## AVAILABLE DATA
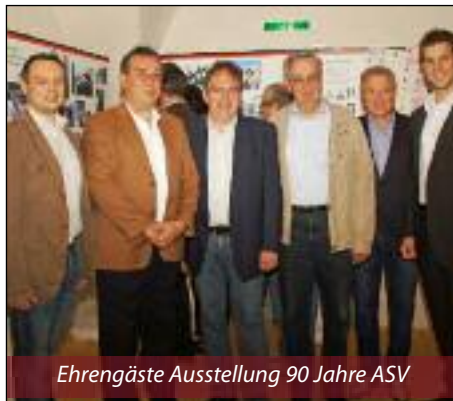
Ehrengäste Ausstellung 90 Jahre ASV
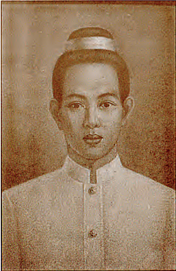
สมเด็จพระเอกาทศรถ
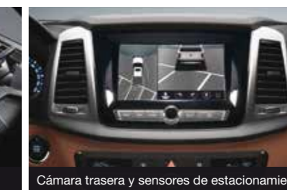
Cámara trasera y sensores de estacionamiento
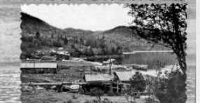
Яблово, завод / Бани, начало 1960-х
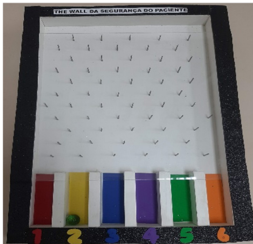
Figura 1: Jogo educativo “The Wall da Segurança do paciente”.

A ação educativa consistiu na construção de um jogo no estilo “pinball”, confeccionado pelo setor de marcenaria do próprio hospital, que reaproveitou retalhos de madeira ou materiais descartados, sendo posteriormente adornado no SGR para torná-lo mais convidativo (Figura 1).
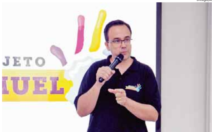
Evento é uma realização do Projeto Samuel em parceria com o Pecege e a Ong Gaia+
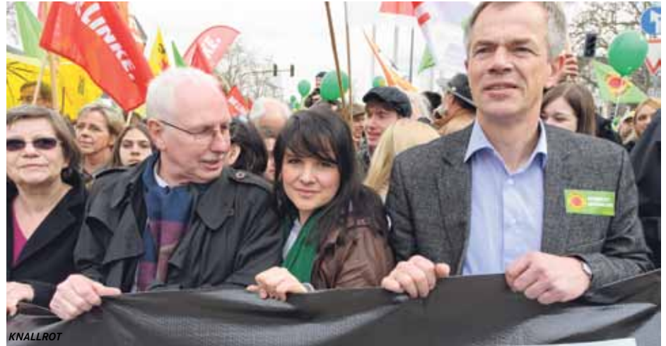
Landtagsabgeordnete der Linken bei der Demonstration in Köln am 26. März 2011
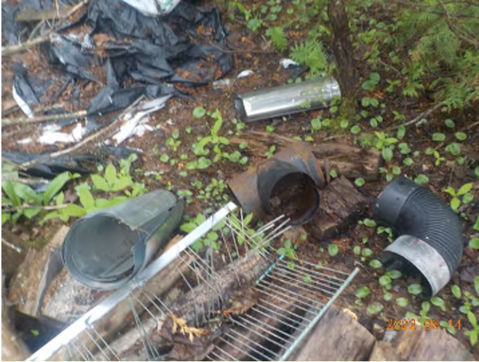
Figure 3: Débris à ramasser
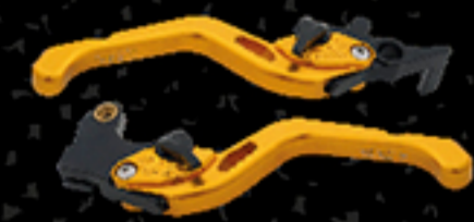
ชุดมือเบรก-มือคลัตช์ สีทอง

แต่งให้สปอร์ต...เร้าใจสุดๆ กับชุดแต่งและอะไหล่ที่จากยามาฮาในราคาพิเศษ
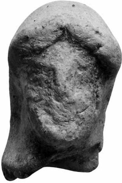
Fig. 7 TK7 Pepliphoros Başı
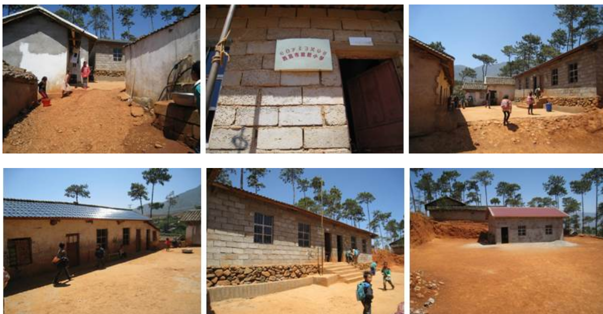
图 1 学校内、外景图
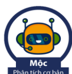
Mộc Phân tích cơ bản

Trợ lý báo cáo phân tích (Thuỷ): cung cấp báo cáo phân tích và khuyến nghị theo phân tích cơ bản từ các chuyên viên phân tích của Phòng PTNC – BSC.
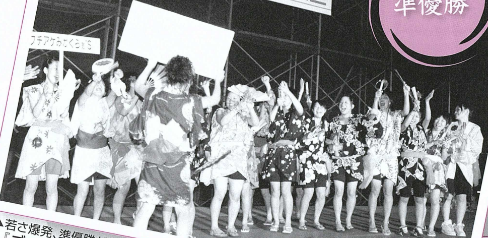
▲若さ爆発、準優勝ゲットに大喜びの『ブチアゲみかぐらあ'S』
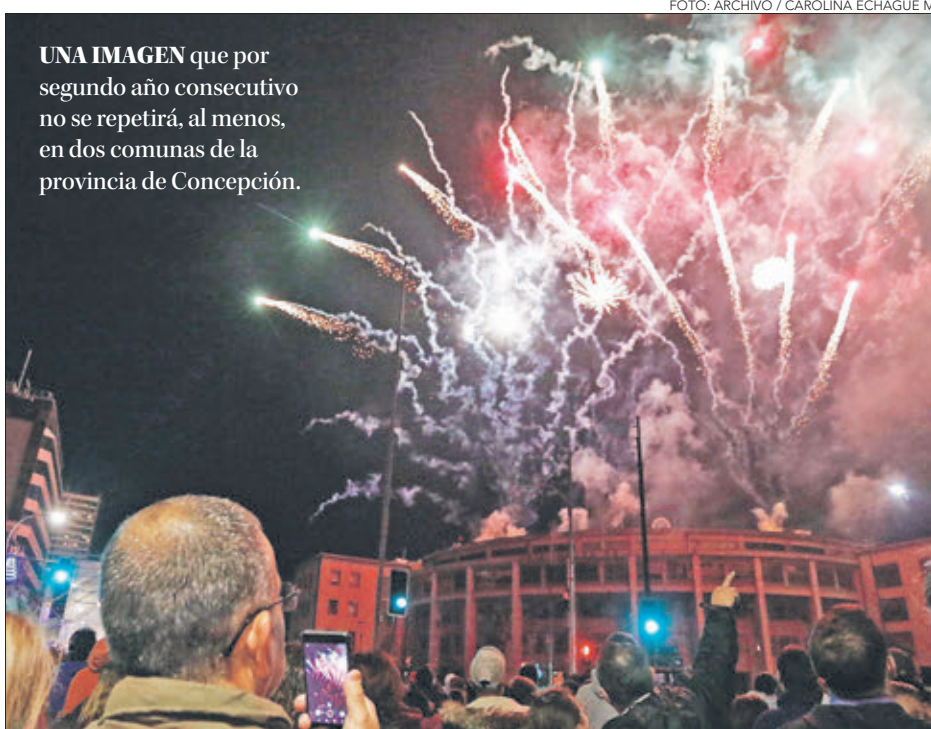
SAN PEDRO DE LA PAZ Y TALCAHUANO

"Queremos evitar riesgos, queremos evitar una mayor propagación de este virus. Y

## PROBLEM STATEMENT
Without including any pictures, set down word for word every line from the one containing "A ação educativa" through the last line of the material.

## TASK RESULT
A ação educativa consistiu na construção de um jogo no estilo “pinball”, confeccionado pelo setor de marcenaria do próprio hospital, que reaproveitou retalhos de madeira ou materiais descartados, sendo posteriormente adornado no SGR para torná-lo mais convidativo (Figura 1).
Evento é uma realização do Projeto Samuel em parceria com o Pecege e a Ong Gaia+
Landtagsabgeordnete der Linken bei der Demonstration in Köln am 26. März 2011
Figure 3: Débris à ramasser
ชุดมือเบรก-มือคลัตช์ สีทอง

แต่งให้สปอร์ต...เร้าใจสุดๆ กับชุดแต่งและอะไหล่ที่จากยามาฮาในราคาพิเศษ
Fig. 7 TK7 Pepliphoros Başı
图 1 学校内、外景图
Mộc Phân tích cơ bản

Trợ lý báo cáo phân tích (Thuỷ): cung cấp báo cáo phân tích và khuyến nghị theo phân tích cơ bản từ các chuyên viên phân tích của Phòng PTNC – BSC.
▲若さ爆発、準優勝ゲットに大喜びの『ブチアゲみかぐらあ'S』
SAN PEDRO DE LA PAZ Y TALCAHUANO

"Queremos evitar riesgos, queremos evitar una mayor propagación de este virus. Y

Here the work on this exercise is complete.